### [TASK DESCRIPTION]
Word for word, retype the lines from the one containing "Phong độ gần đây Tottenham" to the one containing "Voor de maanden" below, keeping both end lines and dropping the pictures.

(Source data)
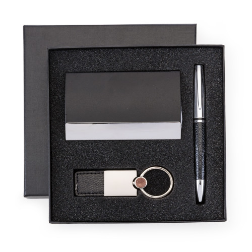 Descrição: Kit executivo com 3 peças em estojo preto de papelão revestido com espuma interna. Possui: caneta metal brilhante com detalhe couro sintético preto, clip metal e anel central preto(aciona por giro); porta cartão em couro sintético liso com detalhes metálicos brilhantes(parte interna com veludo) fecha por imã; chaveiro metal fosco com detalhe inferior emborrachado(suporte da argola giratório brilhante).
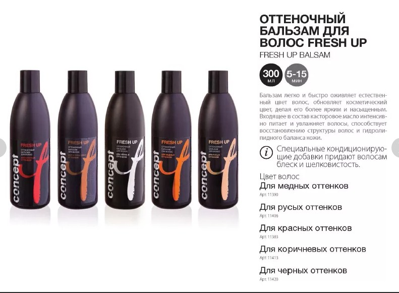 Un baume teinté traditionnel qui n'abîme pas la structure du cheveu. Les huiles incluses dans la composition rendent les cheveux plus lisses et saturés d'humidité. Après la demande, il n'y a pas besoin de fonds supplémentaires. Pas mal tonifie les cheveux naturels, ce qui permet de lisser la bordure des racines repoussées. Il est appliqué sur une tête lavée et vieilli pendant 30 minutes. Une large palette de couleurs vous permet de travailler avec des nuances naturelles, ainsi qu'avec des cheveux décolorés et des cheveux gris.
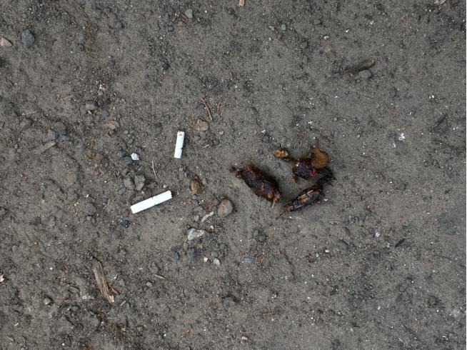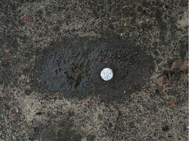 Warum heißt es „and Artist Unknown“? Soll das auf dem Boden fotografierte Etwas etwa Kunst sein? Ein Kronkorken, ein Stück Plastik, Kabelbinder oder auch nur ein Stein, der aus der Reihe tanzt, oder zwei Blätter, die übereinander liegen? Ja, denn die Fotografien von Michael Disqué schärfen den Blick für den Boden genauso wie für die fokussierten Objekte und deren temporäre Allianzen. Es entsteht eine Poesie des Untergrunds, des Bodens, der von unterschiedlichster Beschaffenheit ist. Man kann erkennen: geharkte Erde, Pflastersteine, Betonboden, Wiese. Darauf liegen Dinge, die mit dem Boden eine ganz eigene Kombination ergeben. Es sind Fundstücke, die nicht arrangiert, sondern entdeckt werden. Momenthaft werden sie festgehalten, dann bleiben sie zurück und der Fotograf zieht weiter. Das Ergebnis sind Abbildungen, deren Inhalt sich an der Grenze zum Nichts bewegt, weil die festgehaltenen Dinge so ephemer sind, sich die künstlerische Geste auf das Finden und das Aufwerten des Alltäglichen beschränkt und die Gegenstände zum Teil kaum auszumachen sind.
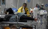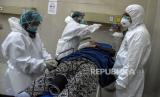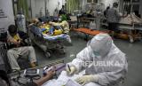 Petugas kesehatan memeriksa kondisi kesehatan pasien di ruang Instalasi Gawat Darurat di RSUD Al Ihsan, Baleendah, Kabupaten Bandung, Jumat (25/6). Akibat lonjakan kasus positif Covid-19 di Kabupaten Bandung yang saat ini berstatus zona merah Covid-19, tingkat keterisian tempat tidur atau Bed Occupancy Rate (BOR) di rumah sakit tersebut mencapai 95,53 persen, melampaui ambang batas aman BOR yang ditetapkan Organisasi Kesehatan Dunia (WHO) sebesar 60 hingga 80 persen. Republika/Abdan Syakura (FOTO : REPUBLIKA/ABDAN SYAKURA)
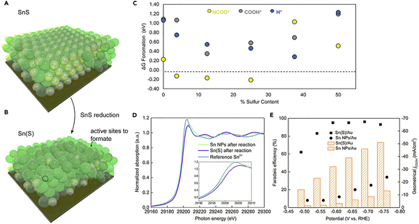 (B)SnSx的部分还原导致了Sn(S)膜的生成,促进ECR产生甲酸盐。 虚线圆圈表示生成甲酸盐的活性位点。
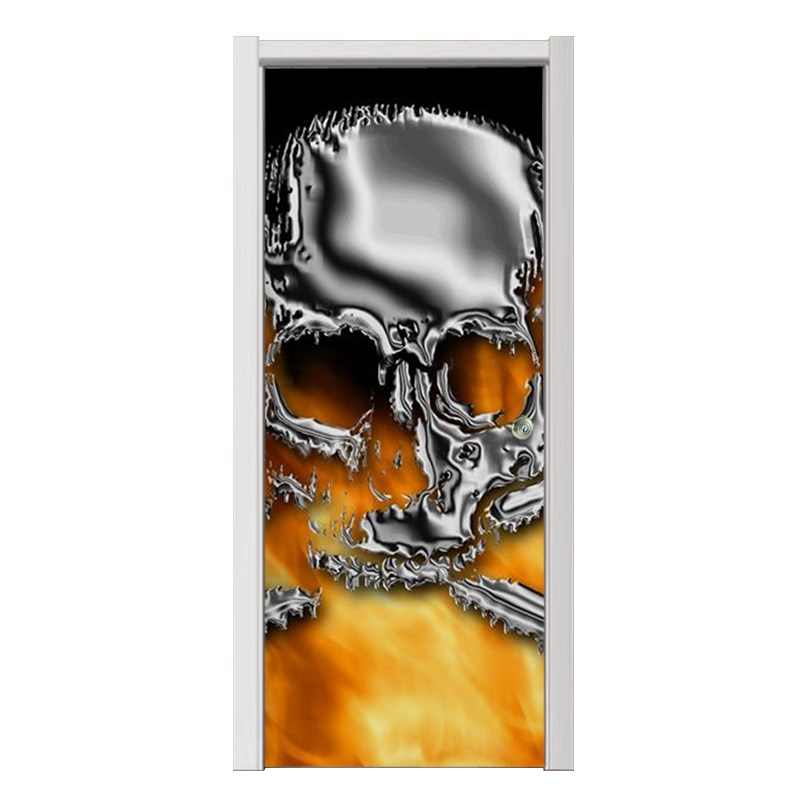 Chrome Skull on Fire Door Skin (fits doors up to 34x84 inches)
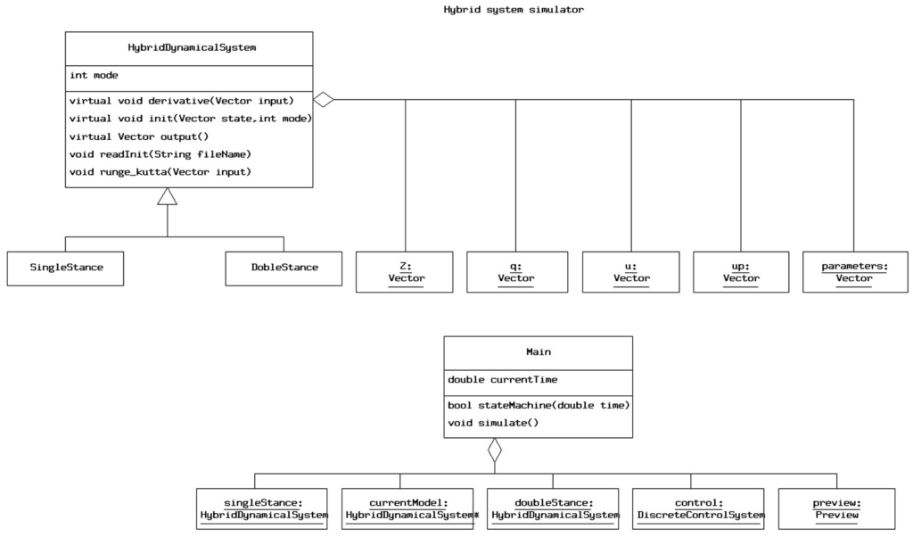 The main class has as member variables one instance of each phase class (SingleStance, DoubleStance) of the system, a pointer to the , a to generate the reference trajectories, and a class to generate the control inputs. It runs the simulation from initial to final instants with two threads: one, event driven (, ), controlling the phases and modes through a state machine, depicted in Figure 5, the other with a given fixed sampling time closing the control loop. Samples of Autolev Code Fragments for building the model and generate the C++ code are presented in Appendix A.
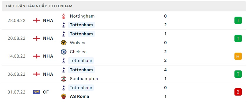 Phong độ gần đây Tottenham
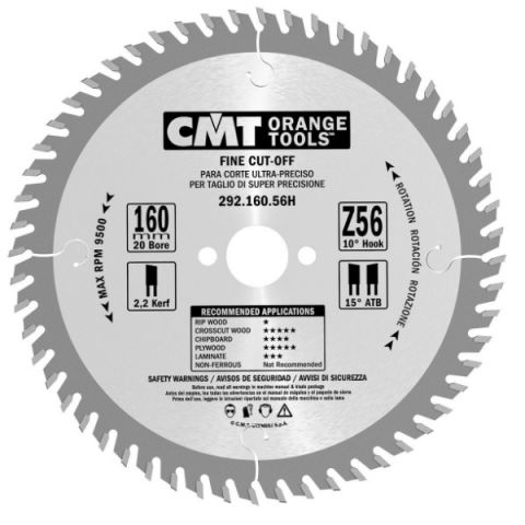 Hardmetalen zaagblad van CMT Ø 160 z=56 Wisseltand, voor het splintervrij afkorten en zagen van triplex, multiplex, hard- en zachthout en MDF. Hoe fijner de vertanding des te fijner de zaagsnede.
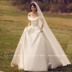 ウエディングドレス サテン 結婚式 aライン プリンセスドレス 二次会 ロングドレス 花嫁 ブライダル パーティードレス 演奏会 披露宴 トレーン オフショルダー
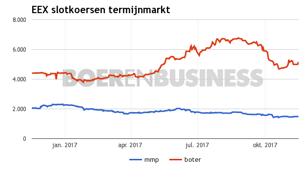 Voor de maanden november en december heeft de prijs nog potentie om weer aan te trekken. Dit omdat de prijs van boter weer een stijging laat zien.
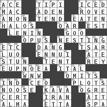 ACROSS 1. Adept person 4. Native american tent (variation) 8. On the rocks 12. Big _ 13. Arabian gulf 14. Be footloose 15. At once, immediately (arch.) 17. Watch over 18. Consumed 19. Saint headwear 21. Boat paddle 23. Eastern Standard Time (abbr.) 24. Soviet premier 1918-24 26. Thick or sticky substance 28. Musical composition 30. Nestling 34. And so on (abbr.) 37. Mild oath, euphamism for damn 39. Russian ruler of old 40. Nilotic language 41. World-weariness 43. Had dinner 44. Surprise greatly 46. Portable shelter 47. Marina Del _, California 48. Normal relaxed breathing 51. Slanted text style (abbr.) 54. Compass dir. 55. Leaves out 58. Working for oneself (abbr.) 61. Corporate head (abbr.) 63. Secret plans 65. Trap for birds or small mammals 67. Polynesian shrub of the pepper family 71. Legendary monster 72. Foregone conclusion 73. SW Asia republic 74. Small island 75. _ mater 76. Singer James 77. Health resort DOWN 1. Housemaid 2. Lessep's creation 3. Learning spot: Fr. 4. Make lace 5. Binary compound 6. Animal enclosure 7. _ china 8. Retirement account (abbr.) 9. ____ d'Azur (French Riviera) 10. Nights before holidays 11. Incision 16. Words to Nanette 18. Greek god of love 20. Small drink 22. Mature 25. Unadorned 27. Baseball player Mel 29. Before Barbara or Clara 30. Group of southern Bantu languages 31. Austrian river, tributary to the Danube 32. Nathan's nickname 33. Jennifer or Joel 34. Otherwise 35. Ballerina skirt 36. Clever action or accomplishment 38. Compass dir. 42. "Tell ____ the Marines!" 45. Compass dir. 49. At one time in the past 50. She-sheep 52. Electrical Unit 53. _ and Stitch 56. Ancient Roman robes 57. Empty completely 58. South American Indian 59. Christmas carol 60. Dormintory (informal) 62. Migrant worker of the '30s 64. Stalk of a moss capsule 66. R.R. building 68. Tate display 69. Large container 70. Santa ___, CA
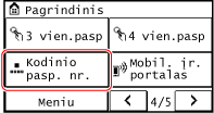 Valdymo skydelyje paspauskite [Kodinio pasp. nr.] ekrane [Pagrindinis].
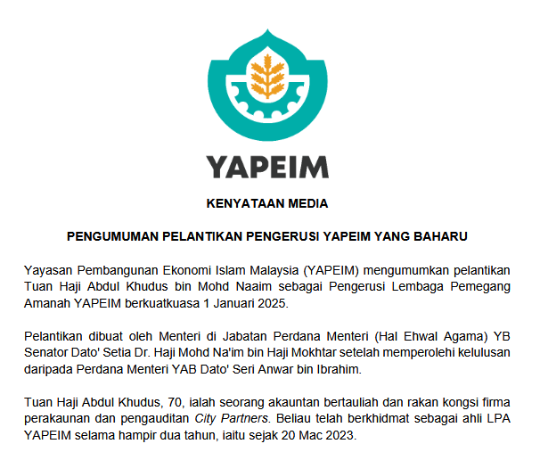 Kenyataan Media Pengumuman Pengerusi YAPEIM Yang Baharu
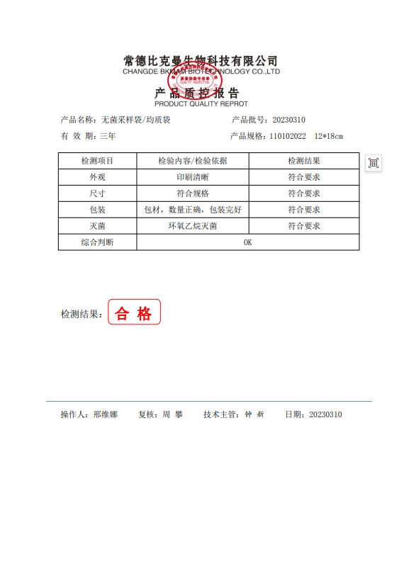 110102022 bkmamlab 無(wú)菌采樣袋 12x18 (帶壓條) 100個(gè)裝 20230310

### [TASK ANSWER]
 Phong độ gần đây Tottenham
 Hardmetalen zaagblad van CMT Ø 160 z=56 Wisseltand, voor het splintervrij afkorten en zagen van triplex, multiplex, hard- en zachthout en MDF. Hoe fijner de vertanding des te fijner de zaagsnede.
 ウエディングドレス サテン 結婚式 aライン プリンセスドレス 二次会 ロングドレス 花嫁 ブライダル パーティードレス 演奏会 披露宴 トレーン オフショルダー
 Voor de maanden november en december heeft de prijs nog potentie om weer aan te trekken. Dit omdat de prijs van boter weer een stijging laat zien.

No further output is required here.